Talking Africa podcast

Thomas Piketty: In times of crisis dominant ideologies get challenged

By Nicholas Norbrook

Posted on April 5, 2020 11:02

Thomas Piketty tells The Africa Report that in times of great crisis, economic ideology shows itself to be fragile — and that opportunities for change emerge. Thomas Piketty believes that times of crisis can reveal the fragility of dominant ideologies. Piketty believes that economic laws are more about political choices than the dominant ideology would make have you believe

Some believe that things will snap back to how it was before. Others suspect the future is more malleable.

“Economic ideologies are very fragile, and times of crisis are always times when dominant ideologies are being challenged and possibly go through major transformations”, says Thomas Piketty, professor at the Paris School of Economics, told The Africa Report.

His new book, Capital and Ideology, which builds on his previous tome, Capital in the 21st Century, has recently been translated into english. [Search here for data and information from the book]

A central tenet: while there has been a drive to paint the laws of economics to be as immutable as those of physics, actually much of the way the world economy is structured is a result of the choices politicians make.

In essence, inequality is a choice not an inevitability.

Rahm Emmanuel, the first chief of staff to Barack Obama, on arriving in the White House in 2008 said “Never let a good crisis go to waste” . The Obama administration used the financial crash to push through progressive healthcare legislation in the following years.

Piketty is hesitant with coronavirus. “I don’t want to instrumentalise this crisis. Things can get so bad with mortality.”

He points to the much higher mortality rates caused by the Spanish flu of 1919 in poorer countries – and is concerned that African countries will see similar outcomes without heavy intervention.

Instead, for Africa, Piketty calls for quick, ambitious social safety net programmes to mitigate the severe economic and social impact of the crisis.

Importantly, social distancing will not work where these programmes do not exist. “If you can’t go and work, that can’t last for very long”, says Piketty. “So there is a big risk that this strategy can’t be sustainable”.

This points to a reckoning: once you have higher social spending, you have to pay for it.

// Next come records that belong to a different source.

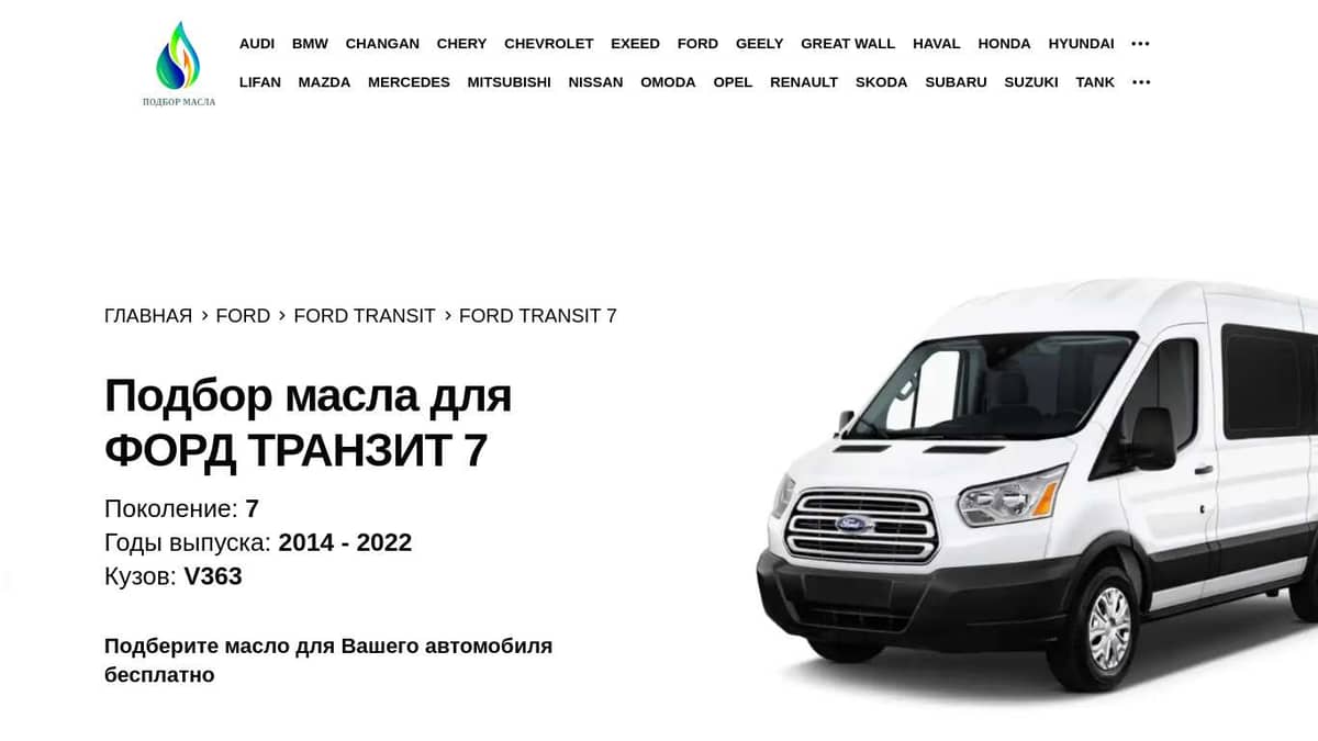 Объем масло двигатель форд транзит
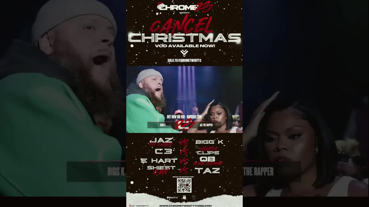🎄🎄 Jaz The Rapper vs. Bigg K 🎄🎄 🎄🎄 Jaz The Rapper vs. Bigg K 🎄🎄 0:01:00 / 2023 / TV-MA #Chrome23 #CancelChristmas #JazVsBiggK Order the VOD HERE: https://www.rapgrid.com/cancelchristmas Genres Entertainment More from Entertainment Recommended
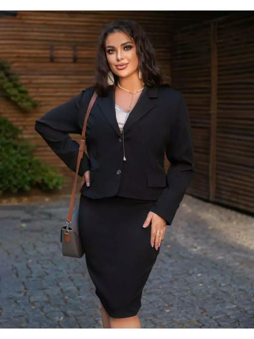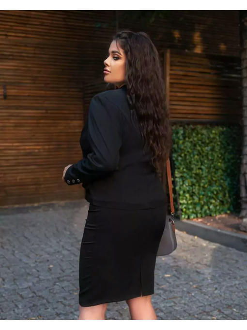 Костюм двойка, с классическим пиджаком на подкладке, застегивающейся на пуговицы по всей длине и прямая юбка с разрезом сзади, застегивается на молнию
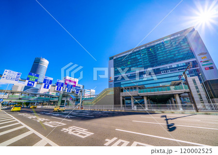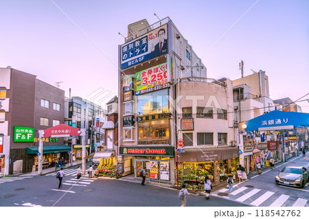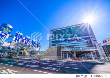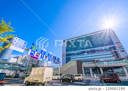 日本の横浜都市景観 9月。東急電鉄 日吉駅前。浜銀通りなどを望む
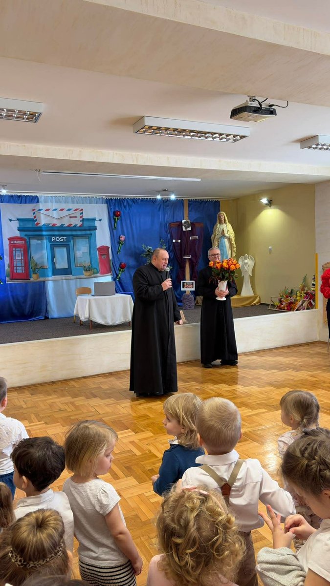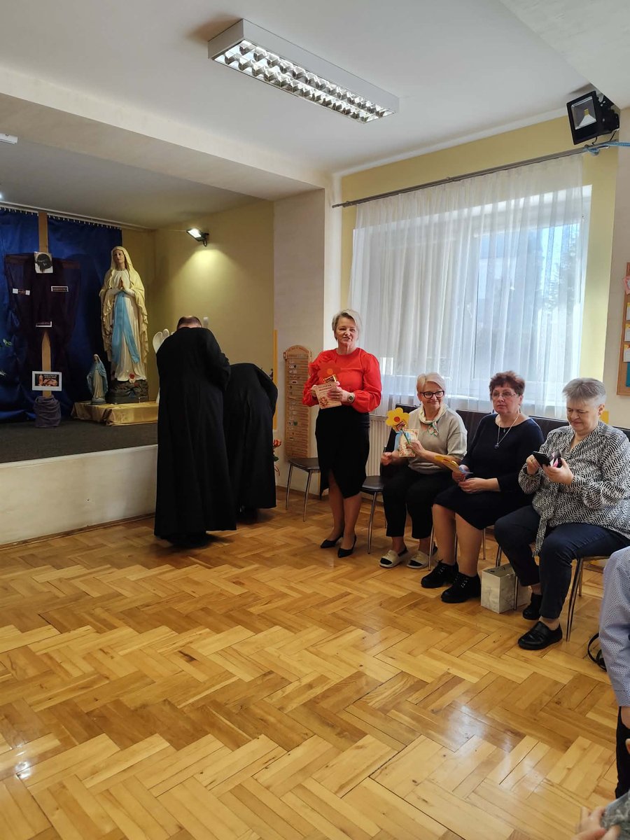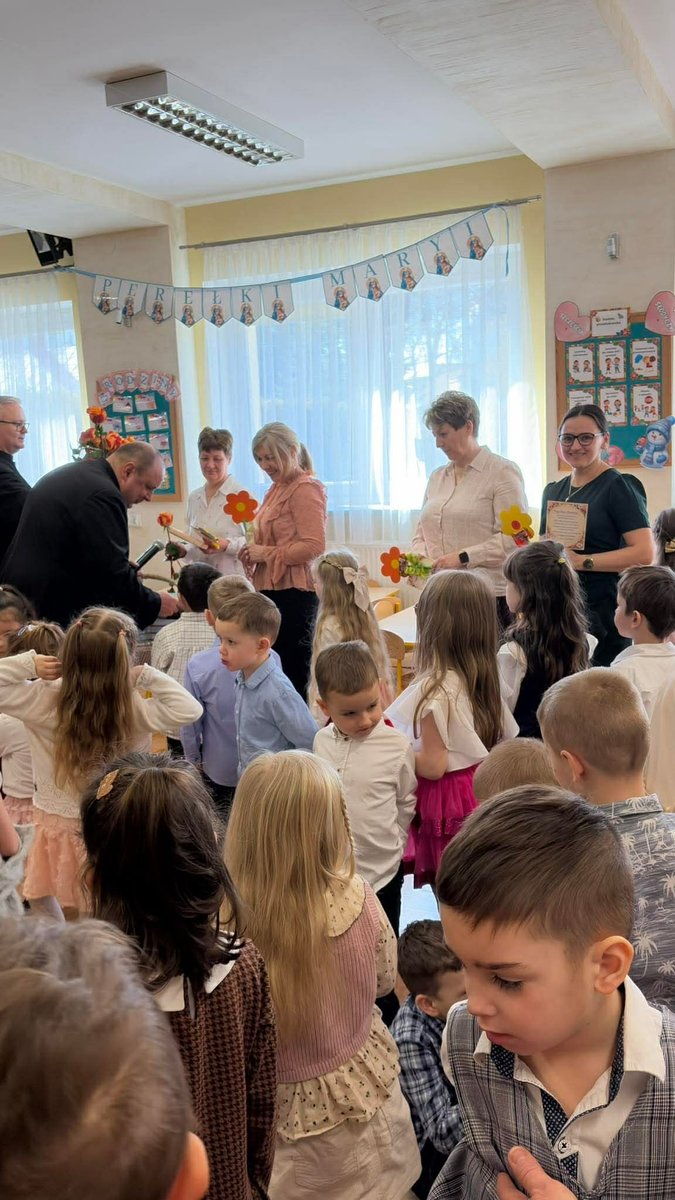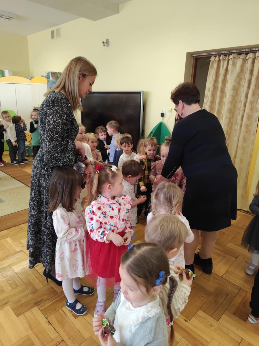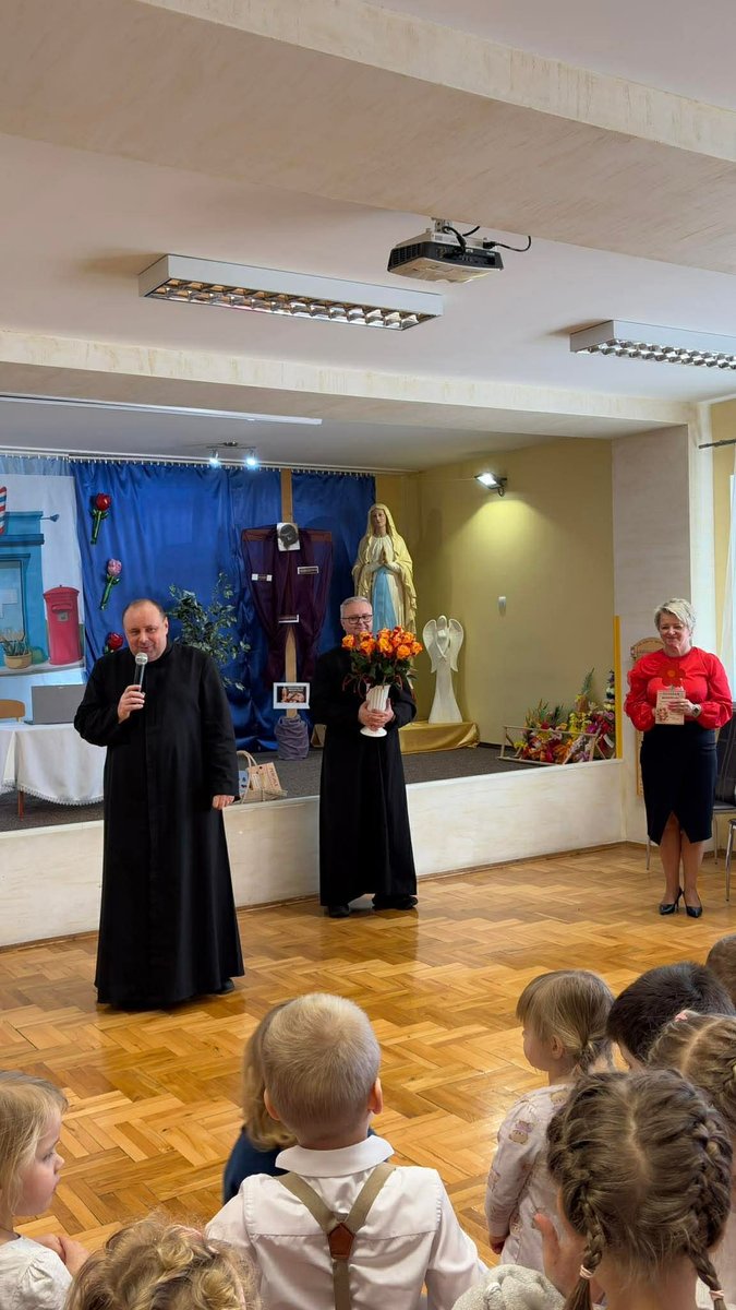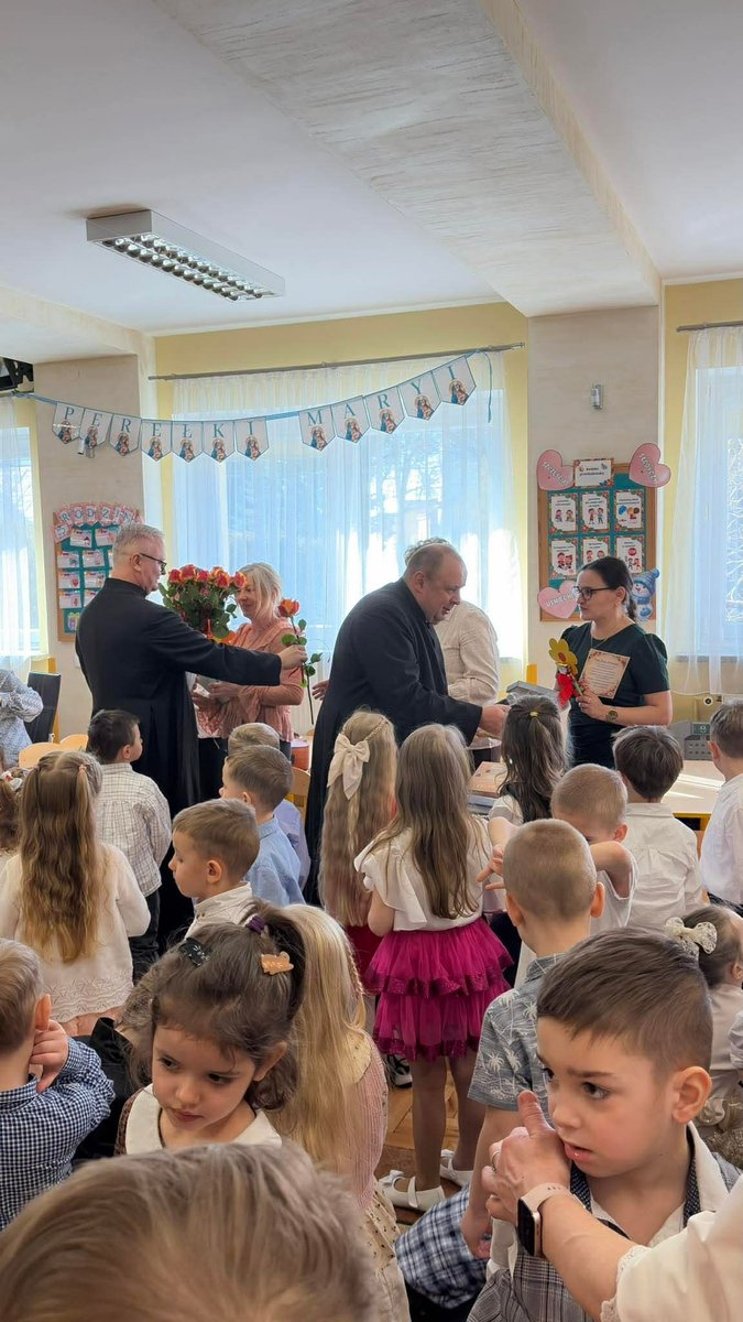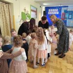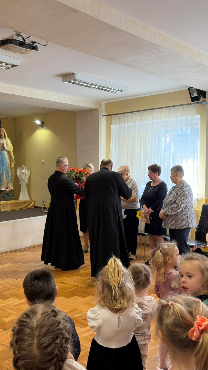 Po występie, każda z pań pracujących w przedszkolu oraz emerytki otrzymały telegramy z życzeniami oraz kwiaty, które były uzupełnione słodkościami. 🍬💕 Również ksiądz proboszcz Grzegorz wraz z księdzem Stanisławem postanowili obdarować przedstawicielki naszego przedszkola różami oraz czekoladkami, a także przekazać wiele pięknych słów.

This is turn will prompts questions about what a country does about its debt, monetary policy, how it re-organises its tax system, how it organises economic relations between countries… “and one of the lessons from history is that these dominant views about how to organise the economic system can change very quickly when faced with crises like this one”, says Piketty.

In these forward-looking conversations, Piketty expects African countries will have a great contribution to make.

For example, he points to the restructuring of the CFA Franc as it weans itself off French control: “how to define a common currency, [and if] it is possible to put it to the service of a development model that is able to provide more investment for the young generation”.